In this guide, instructional coach and Ambition Fellow Steve Farndon gives an introduction as to what instructional coaching is, why it's different to the coaching you've seen before, and how it can have an enormous impact.
In terms of impact on student outcomes, instructional coaching has a better evidence base than any other form of CPD.
The principles of instructional coaching are linked to the principles of developing expertise in any domain through the use of deliberate practice. The first step is to identify a destination or outcome, often called the target performance.
Teachers can move from their current performance towards this target performance by practising a sequence of sub-goals with the aid of a coach. This allows them to overcome existing ingrained habits and adopt new behaviours. The input of the coach is in observing the practitioner’s current performance, setting precise sub-goals and designing practice.
This is in sharp contrast with current practice in many schools, where observations are largely about judging the effectiveness of a teacher.
Where feedback is given it is often highly generic, specifying what needs to change but not how the change can happen. Feedback like ‘You need to improve your questioning’ is equivalent to a footballer being told ‘You need to score more goals’ or a surgeon being told ‘You need to heal more patients’!

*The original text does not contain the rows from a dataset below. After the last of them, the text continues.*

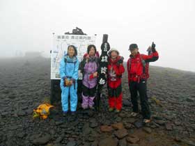 ガスがかかる硫黄岳山頂にて
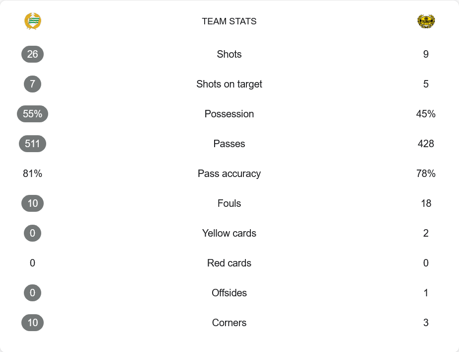 แม้ฮัมมาร์บี้จะมีโอกาสยิงมากถึง 26 ครั้ง เข้ากรอบ 7 แต่จบได้เพียงประตูเดียว ในขณะที่มอลล์บี้มีโอกาสเพียง 9 ครั้ง เข้ากรอบ 5 และเปลี่ยนเป็น 2 ประตูอย่างเฉียบขาด การครองบอลของเจ้าบ้านอยู่ที่ 55% เทียบกับทีมเยือน 45% ด้านการจ่ายบอล ฮัมมาร์บี้ทำได้ 511 ครั้ง ความแม่นยำ 81% ส่วนมอลล์บี้จ่าย 428 ครั้ง ความแม่นยำ 78% มอลล์บี้เสียฟาวล์มากถึง 18 ครั้ง และได้ใบเหลือง 2 ใบ ขณะที่เจ้าบ้านไม่มีใบเหลืองเลย แต่ก็ไม่สามารถใช้ประโยชน์จากการครองเกมได้
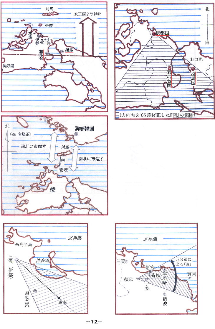 ●基本的に、「魏志」の記事を参照した正史においては、邪馬台国は帯方郡から南へ南へと降ってきた所にあり、さらにその南に敵対
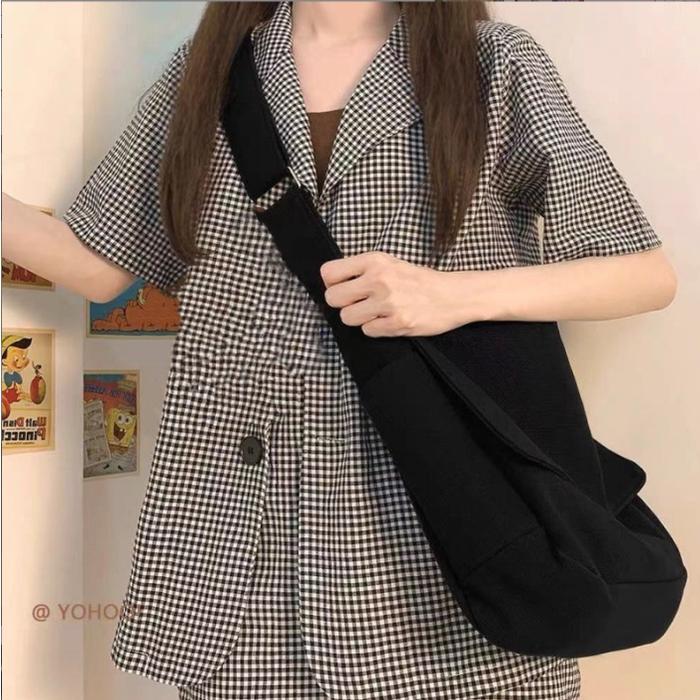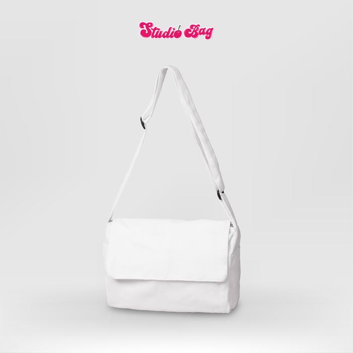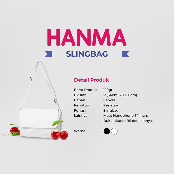 HANMA SLING BAG TAS SELEMPANG CANVAS POLOS WANITA PRIA REMAJA ELEGANT HITAM KANVAS KOREAN STYLE STUDIO BAG SLINGBAG - HITAM, STANDAR
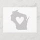 Wisconsin Grey State Map Shape with Heart Cutout Postcard
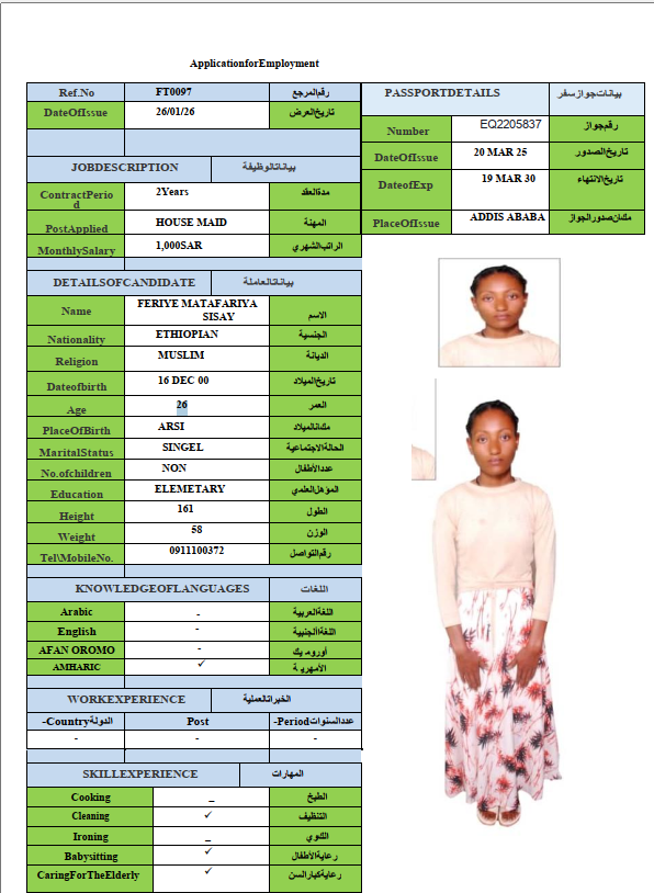 FERIYE MATAFARIYA SISAY
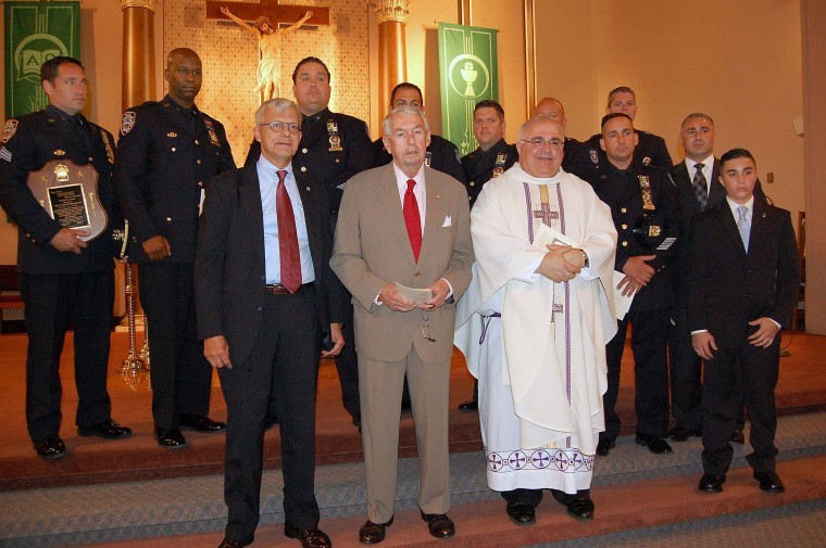 Kings County District Attorney Charles Hynes, Police Department Chaplain Monsignor Robert Romano and his grandnephew, retired Brooklyn Assistant District Attorney Joseph Petrosino, were among those in attendance at the special ceremony held at the 15th Avenue church, in which Petrosino Memorial Medals were presented to the families of retired NYPD Bomb Squad Detective Tony Senft, who was badly injured in an FALN bombing in 1982, and Detective Claude Richards, who was killed during the terrorist attacks on September 11, 2001.
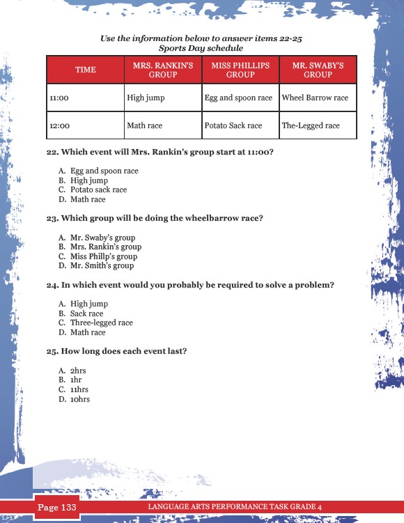 Page 133 LANGUAGE ARTS PERFORMANCE TASK GRADE 4

Instructional coaching is also in contrast to a more traditional coaching model where the coach asks a series of open questions in order to draw out the answer that the practitioner is already aware of. Instructional coaching assumes that there are some areas where the teacher being coached is more novice and that the coach, being more expert, will be able to guide their improvement in those areas.
This doesn’t only apply to new teachers – all teachers have areas in which they can improve, and the most efficient way of doing this is to undergo direct, explicit instruction.
We can draw a parallel here with other performance professions: these are jobs which involve significant preparatory work and planning but in which the final outcome is determined to a greater extent by a high stakes final performance – such as acting, surgery, sport or law.
In these cases, coaching looks quite different from the current dominant model in teaching, in these cases coaches:
- identify, and clearly define, the target performance
- identify the biggest gap between target and current performance
- break this down into components which can be practised
- design practice
- facilitate practice in controlled conditions
- give feedback and increase complexity of practice
It might be that a footballer knows that they want to score more goals, but, in the heat of a game, they struggle to work out what is holding them back.
A skilled coach will identify an area which can be worked on – a better first touch when receiving the ball in the final third of the pitch for example. They would then break this down into an element that can be practised: improving weight distribution to give better balance when receiving the ball.
This is then translated into drills that build up in complexity – practising whilst static, then whilst moving, then in a practice game, then in a real game – all whilst receiving corrective feedback. In doing so the footballer tackles a previous weakness in manageable steps and embeds it.
Instructional coaching of teachers seeks to fulfil a similar function: coaches observe lessons and select the area which they think will most improve the teacher’s practice. They then identify how the teacher can improve in this area, creating manageable, bite-sized steps for improvement.
Vitally, they design practice for teachers and give them feedback in controlled conditions before the teacher attempts the new technique in their classroom, helping them to overcome their existing classroom habits.
One example of this process might be a teacher whose students struggle to link prior and new learning and see the relevance of lesson activities. A coach may diagnose this as being an issue with the teacher’s lesson introductions which are over-long and unfocused. The coach would set a next step of scripting out a lesson introduction that links past, current and future learning, offering a model example and getting the teacher to practise this particular aspect of their delivery with feedback.
These bite-sized steps might seem relatively minor, and unlikely to improve student outcomes, however instructional coaching sessions usually form part of a longer trajectory of improvement. For example, a coach may work on the design and implementation of retrieval practice with a teacher whose students are struggling to recall key information over time.
By taking a long-term, incremental approach to improvement, teachers are supported to make sustainable changes to their classroom practice, whilst simultaneously developing the mental models needed to use these new techniques appropriately. This is what makes instructional coaching such a powerful form of professional development.
Successful instructional coaching requires a number of features:
- teachers must be invested in the process
- coaches must possess strong inter-personal skills to develop relationships of trust
- coaches need to be disciplined in terms of setting bite-sized steps for improvement and getting their teachers to practise these
More important than all of these, however, is the expertise of the coach.
In a similar way as coaches in other performance professions, this doesn’t necessarily mean that they need to be expert practitioners of the craft, however they do need to have a broad knowledge of teaching that is declarative rather than tacit i.e. they know what is done, why it is done and how it is done.
Instructional coaching has the impact that it does because of its specificity and incremental nature. It also acknowledges that teachers need high levels of support to adopt new habits in the complex environments of their classrooms.